Kanayama shared other Zero Society members' interest in simplification. During this period, he created extremely minimal paintings, which often showed only several small dark rectangles painted at the edges of completely empty canvases. While the geometric abstraction resembled Piet Mondrian's works, Kanayama's paintings pushed further the exploration of the relationship between positive and negative spaces. He highlighted the tension and interplay between the narrow dark shapes and the expansive blankness.

Kanayama's minimalistic paintings also drew inspirations from Japanese calligraphy and Zen aesthetics. The striking emptiness of the paintings not only directed viewers' attention to the spatial interplay of the white canvases and the dark shapes but also recalled Zen concepts such as 'nothingness' (mu). The asymmetric compositions and random positions of the rectangles also echoed the visual tradition of Zen-inspired ink paintings.

== Gutai ==
Around June 1955, Kanayama, Tanaka, Shiraga, and Murakami joined Gutai when the Gutai member Shōzō Shimamoto invited them on Yoshihara's behalf.

Kanayama exhibited Work B at the 1955 'Experimental Outdoor Exhibition of Modern Art to Challenge the Midsummer Sun' held by Gutai at Ashiya Park. Work B presented an unfixed small red ball placed on a 7m x 7m white wooden board. The work embodies Kanayama's continued exploration of abstract geometry. He expanded the visual language of his earlier paintings into three-dimensional space.

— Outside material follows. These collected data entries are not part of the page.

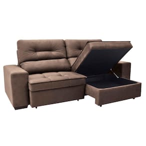 Características: Modelo: Artemis Tipo de estofado: 4 lugares Estrutura: Madeira de reflorestamento (eucalipto e pinus) seca e tratada, chapas de OSB e percintas elásticas Revestimento: Tecido Suede Assento: Espuma D33, Retrátil Encosto: Fibra de Poliéster Siliconizada, Reclinável Braço: Espuma D23 Capacidade de carga: Cada assento suporta até 120 Kg Altura do assento ao chão: 46 cm Fixação: Grampos de aço Pés: Plástico rígido tabaco e rodízios Altura dos pés: 6 cm Dimensões internas do baú: Largura 82 x Altura 14 x Profundidade 82 cm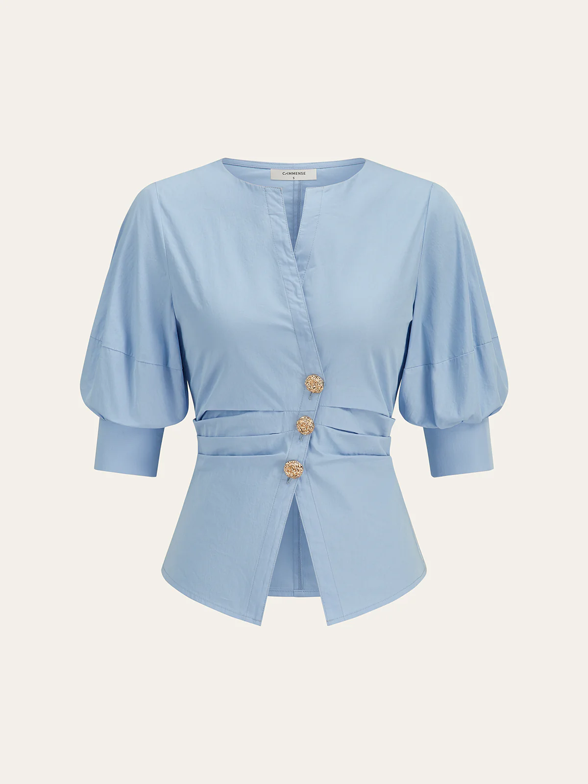 Asymmetric Metal Button Puff-Sleeve Shirt
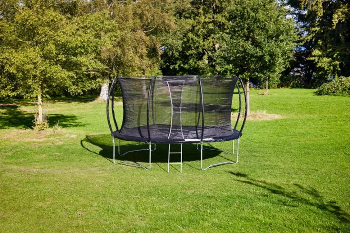 Trampolin med maks. personvægt 150 kg. Kun til udendørs og privat brug. Ø426 x H268 cm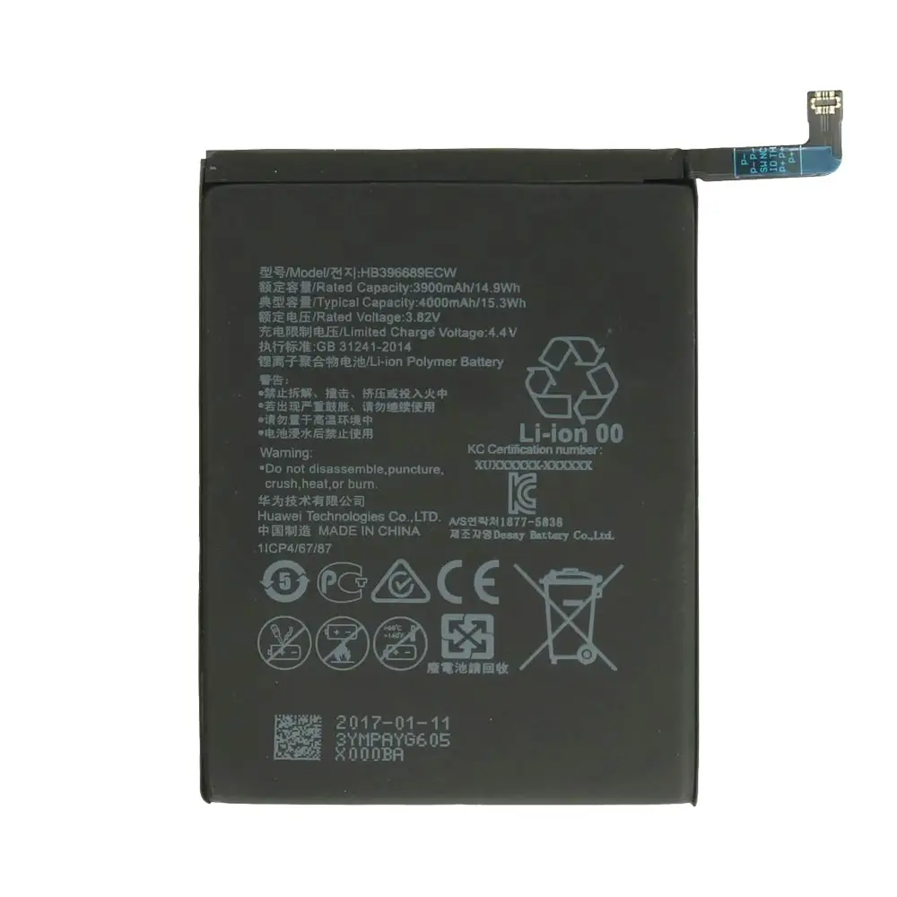 4000 mAh battery with 15 W output; fits multiple Huawei models including Mate 9 and P40 Lite E.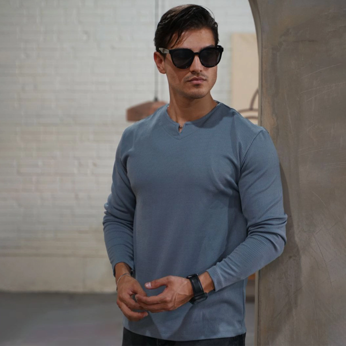 بلوز مردانه طوسی تیره یقه کوبایی مدل Etron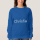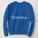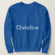Esta es una sudadera básica para mujeres azules. Puedes practicar actividades al aire libre con la comodidad de este clásico suéter de cuello blanco. Es afelpada y resistente a la vez; un verdadero básico todoterreno para cualquier armario que se precie. Seleccione un diseño del mercado de Zazzle o personalizar para hacerlo propio! La sudadera azul real es personalizada con el nombre de una mujer, Christine. El nombre es un color Chambray Comfort Color azul claro. Christine se llama en la parte delantera y trasera de la sudadera. Puede reemplazar el nombre haciendo clic en el vínculo Personalizar. La sudadera es fiel al tamaño. La camisa es una mezcla de poliéster de algodón. El suéter tiene mangas fijadas y un cuello con doble aguja cosida, agujeros de blindaje y banda inferior para una durabilidad a largo plazo. La tela es importada. Las instrucciones para el cuidado de la tela son lavado a máquina frío y secado bajo.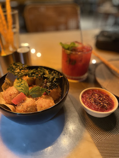The service was great when we arrived; friendly staff, smiles all around. We ordered Mushroom Cheese Balls, Spicy Wagyu Meatball pizza, Cotella Pollo Torinese, and Watermelon Strawberry Cooler.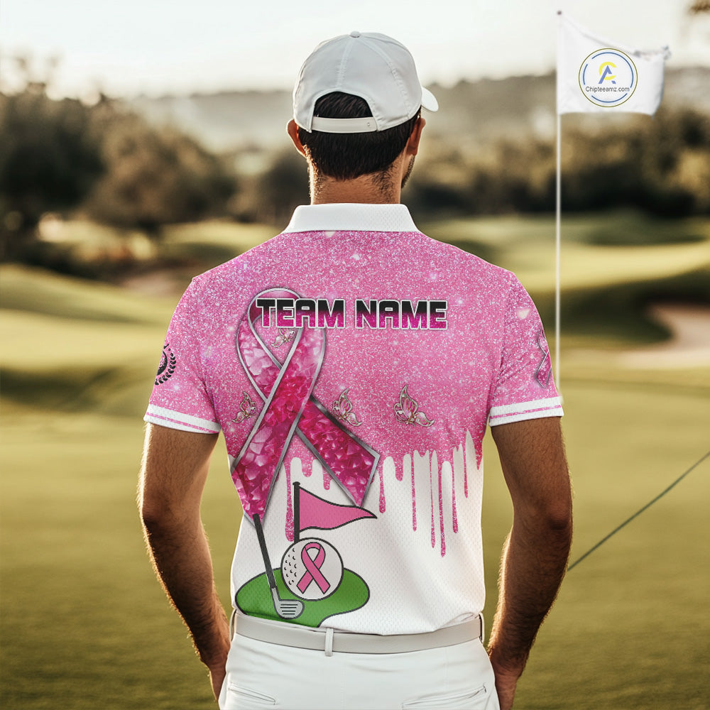 Pink ribbon glitter Golf Polo Shirts For Men Custom team golf jerseys, breast cancer golf shirts NQS9882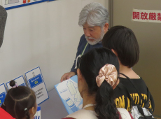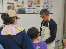 パネルを端から端まで見回しクイズの答えを見つけると、元気に答える子、恥ずかしそうに答える子、一緒になってパネルを見回してクイズの答えを探す親子が見られました。パネルを見て保護者がいろいろと質問されるケースもありました。クイズの正解に子供たちは一喜一憂しながら、楽しくリサイクルについて学びました。参加してくれたお礼に、学んだ内容が記載されているノートを渡しました。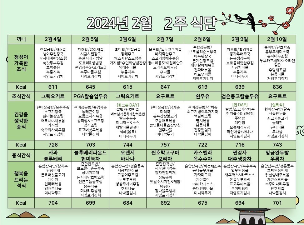 서초빌리지 [식단안내] 서초 빌리지 2월 2주차 식단표 페이지 정보 작성자 KB 골든라이프케어 댓글 0건 조회 2,283회 작성일 24-02-02 12:38 목록 본문 목록 이전글[오늘의 식단] 2024년 2월 2일 중식 24.02.02 다음글[오늘의 식단] 2024년 2월 1일 중식 24.02.01

The choice of colour evidenced the artist's awareness of the work's embeddedness in a natural environment since the saturated red helped to make the work stand out from the greenery of the park. At the same time, as the ball was constantly moved by winds and passers-by, the work animated the static modernist geometry by introducing the elements of movement, instability, and unpredictability. Kanayama also remarked that the work was not only an experiment with physical space but also an attempt to capture the mysterious balance of the celestial bodies.

For Gutai's 1956 outdoor exhibition at Ashiya Park, Kanayama created more site-specific works that further interacted with the surroundings. Footsteps (1954) was a long sheet of vinyl fabric on which the artist stamped his footprints. Over hundreds of metres long, the fabric ran across the pine grove of the park, climbed up trees, and passed through other artworks at the exhibition. The footprints both echoed visitors' actions of moving through space and recorded the temporal aspect of such movements.

Another work created by Kanayama for the outdoor exhibition, Clock, also played with the concept of time. It was a house-shaped clock on a tall pole. Despite the mundane look of the clock, its pointers were set to move anticlockwise, thus distorting visitors' perception of time and its passage.

At the 1956 outdoor exhibition, Kanayama also presented Crossing Light, a set of level-crossing signal lights used for local railways. Re-situated in the grove of Ashiya park, the lights signified the changes of natural landscapes brought by industrial developments and urbanisation in post-war Japan. The work also reflected Kanayama's interest in the rapid development of the transportation system in 1950s Japan and, particularly, in the Kansai region: the Tōkaidō express trains were running on electricity by 1956, and the promotion of Shinkansen first started in 1957.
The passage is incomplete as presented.